DEVELOPMENTAL RESEARCH PROGRAM

Director:
Tracy T. Batchelor, MD

The objective of the Glioma SPORE Developmental Research Program (DRP) is to identify innovative pilot research projects in glioma that have translational potential. The DRP utilizes a solicitation and review process to select meritorious pilot projects for funding. The solicitation process capitalizes on an established, extensive Dana-Farber/Harvard Cancer Center (DF/HCC) communications infrastructure to widely disseminate an annual Request for Proposals (RFP). The review process utilizes an experienced panel of DF/HCC glioma scientists. The DRP provides limited-duration funding for innovative projects that have ultimate translational potential and could synergize with existing SPORE projects and cores. DF/HCC institutions match DRP funding from this SPORE to expand the pool of DRP awardees. The DRP applications are judged for their potential as pilot or collaborative studies that will generate feasibility data and for their ultimate potential to emerge as full projects in future years of the SPORE program. The DRP employs a monitoring process to measure progress and outcomes of DRP projects including the possible elevation of successful DRP awards to full projects. The program is closely monitored through clearly established metrics and oversight by the DRP Awards Committee. DRP awardees are required to present biannual progress reports.

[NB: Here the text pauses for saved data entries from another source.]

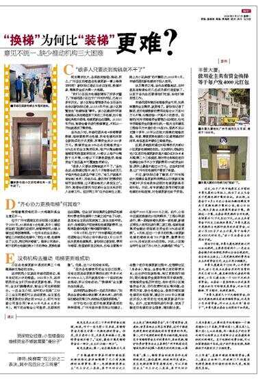 “电梯更新”成为城中各小区刚需,但普遍遭遇募资困难、意见不统一、缺少推动机构三大困难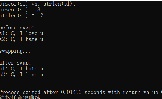 #include <stdio.h> #include <string.h> #define N 80 int main() { char s1[] = "C, I love u."; char s2[] = "C, I hate u."; char tmp[N]; printf("sizeof(s1) vs. strlen(s1): \n"); printf("sizeof(s1) = %d\n", sizeof(s1)); printf("strlen(s1) = %d\n", strlen(s1)); printf("\nbefore swap: \n"); printf("s1: %s\n", s1); printf("s2: %s\n", s2); printf("\nswapping...\n"); strcpy(tmp, s1); strcpy(s1, s2); strcpy(s2, tmp); printf("\nafter swap: \n"); printf("s1: %s\n", s1); printf("s2: %s\n", s2); return 0; }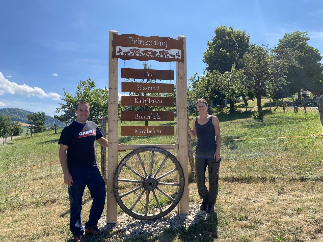 Mit tageweise drei bis sieben Leuten dauert die Ernte bei Schwobs 10 bis 14 Tage. Die Mirabellen werden an die regionale Landi geliefert, gehen aber auch in die Gastronomie: «Der Wirt der Dorfbeiz bereitet ein Chutney zu», erklärt Myriam Schwob. Dieser Absatz sei ein Resultat lebindigen Dorflebens, da man einander um den Lampenberg noch im Ausgang oder bei Vereinsaktivitäten treffe. Auch Eier und Kalbfleisch vom Prinzenhof kommen so via Restaurant auf den Teller der weiteren Nachbarschaft. Die Direktvermarktung via Hofladen beschränkt sich wegen der wenig günstigen Lage auf einen Kühlschrank mit Eiern.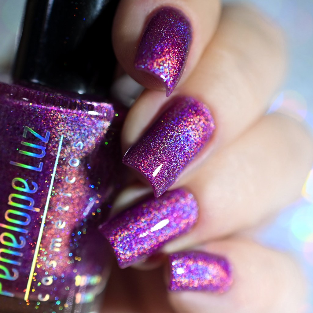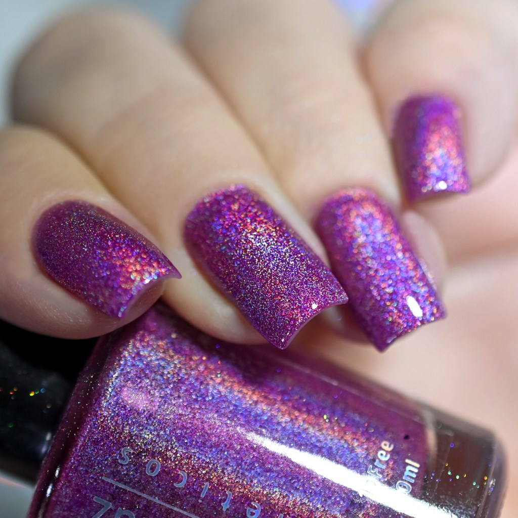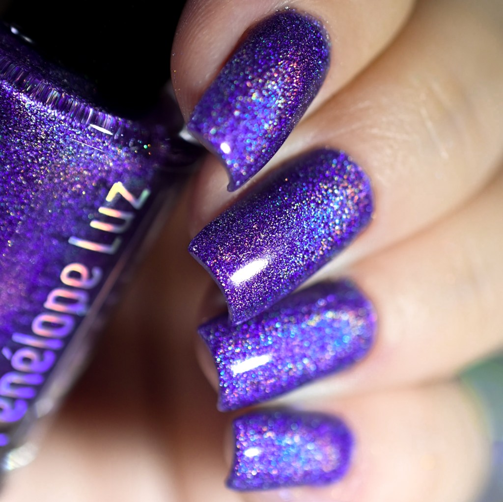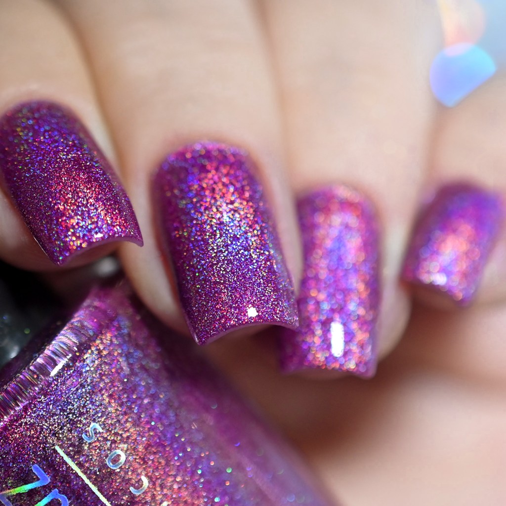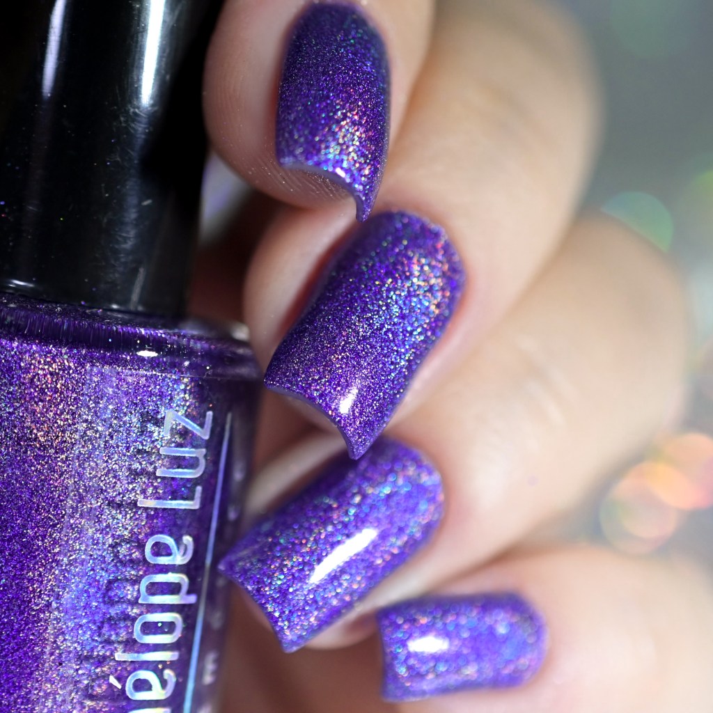 Agora vamos conhecer o Violet, que é um roxinho lindo demais! Quando usarem ele, se quiserem manter o efeito holo bem forte, evitem extra-brilho. Mas se quiserem ele ainda mais vibrante, podem se jogar no extra brilho! Esse é daqueles pigmentos que alteram com extra brilho. O bom é que temos duas versões maravilhosas no mesmo esmaltes ❤

CAREER ENHANCEMENT PROGRAM

Director:
Tracy T. Batchelor, MD

The primary objective of the Glioma SPORE Career Enhancement Program (CEP) is to attract talented new investigators to translational glioma research. Potential CEP awardees include junior faculty beginning their careers or established faculty members in other fields who wish to redirect their interests and efforts to glioma research. We will maintain a comprehensive, system-wide process for solicitation of CEP applications and an expert-based review process to select the most meritorious applicants. The CEP program faculty consists of a multidisciplinary cohort of experienced, senior mentors for CEP awardees. The CEP provides limited-duration funding for promising, junior translational investigators who are focused on glioma research. The program will provide support, mentoring and monitoring for CEP awardees. We will maintain a monitoring process to measure progress and outcomes of CEP awardees and the CEP program. We carefully monitor the progress of CEP awardees through clearly enumerated metrics. The overall CEP is assessed on an annual basis by the internal and external advisory boards. The CEP leverages institutional resources to support and enhance the success of the program.